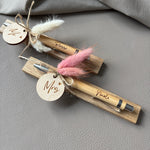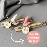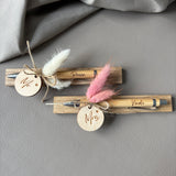 Dieses schĂśne Kugelschreiber-Set ist ein liebevolles Geschenk fĂźr frisch Vermählte oder zum Hochzeitstag â ideal, um âMr & Mrsâ mit einer persĂśnlichen Note zu feiern. Die gravierten Bambus-Kugelschreiber werden mit einem passenden Holzanhänger, zarten Trockenblumen, edlem Textilband und einem rustikalen HolzstĂźck geschmackvoll arrangiert. Eine besondere Aufmerksamkeit, die Erinnerungen an einen unvergesslichen Tag wachruft und dem Brautpaar ein Lächeln schenkt â perfekt als Geschenk zur Hochzeit oder fĂźr die Flitterwochenkiste.
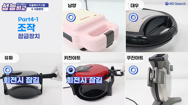 와플이 부풀어 오르면서 팬 뚜껑이 열리기도 하는데, 남양, 대우, 쿠진아트는 손잡이 쪽에 잠금장치가 있었고 유파와 키친아트는 회전 시 자동으로 잠기는 형태였습니다.
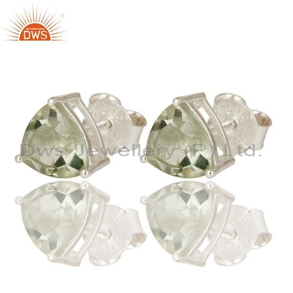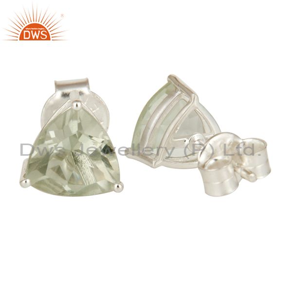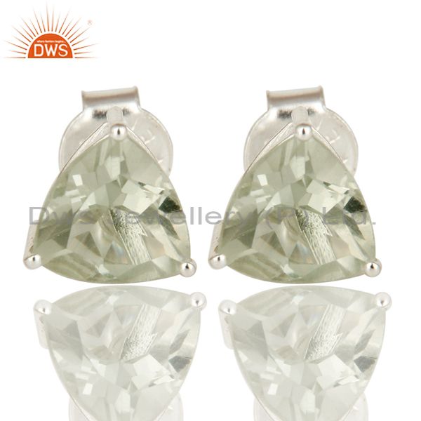 Green Amethyst Trillion Basket Set Stud Earrings For Womens In Sterling Silver
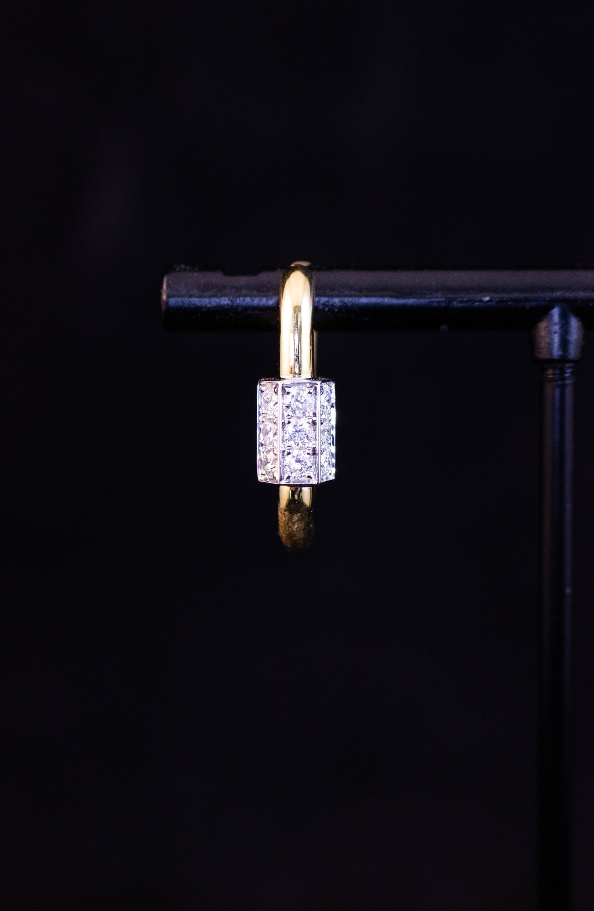 Pair of modern 18k yellow gold and diamond shaped hoop earrings. Total diamond content 1.10ct, 20mm diameter.
____
◆ **DIRECTIONS FOR THIS TASK**: Everything in the listing except the pictures must come back exactly as written.

◆ **OUTPUT FOR THIS EXERCISE**:
 Dieses schĂśne Kugelschreiber-Set ist ein liebevolles Geschenk fĂźr frisch Vermählte oder zum Hochzeitstag â ideal, um âMr & Mrsâ mit einer persĂśnlichen Note zu feiern. Die gravierten Bambus-Kugelschreiber werden mit einem passenden Holzanhänger, zarten Trockenblumen, edlem Textilband und einem rustikalen HolzstĂźck geschmackvoll arrangiert. Eine besondere Aufmerksamkeit, die Erinnerungen an einen unvergesslichen Tag wachruft und dem Brautpaar ein Lächeln schenkt â perfekt als Geschenk zur Hochzeit oder fĂźr die Flitterwochenkiste.
 와플이 부풀어 오르면서 팬 뚜껑이 열리기도 하는데, 남양, 대우, 쿠진아트는 손잡이 쪽에 잠금장치가 있었고 유파와 키친아트는 회전 시 자동으로 잠기는 형태였습니다.
 Green Amethyst Trillion Basket Set Stud Earrings For Womens In Sterling Silver
 Pair of modern 18k yellow gold and diamond shaped hoop earrings. Total diamond content 1.10ct, 20mm diameter.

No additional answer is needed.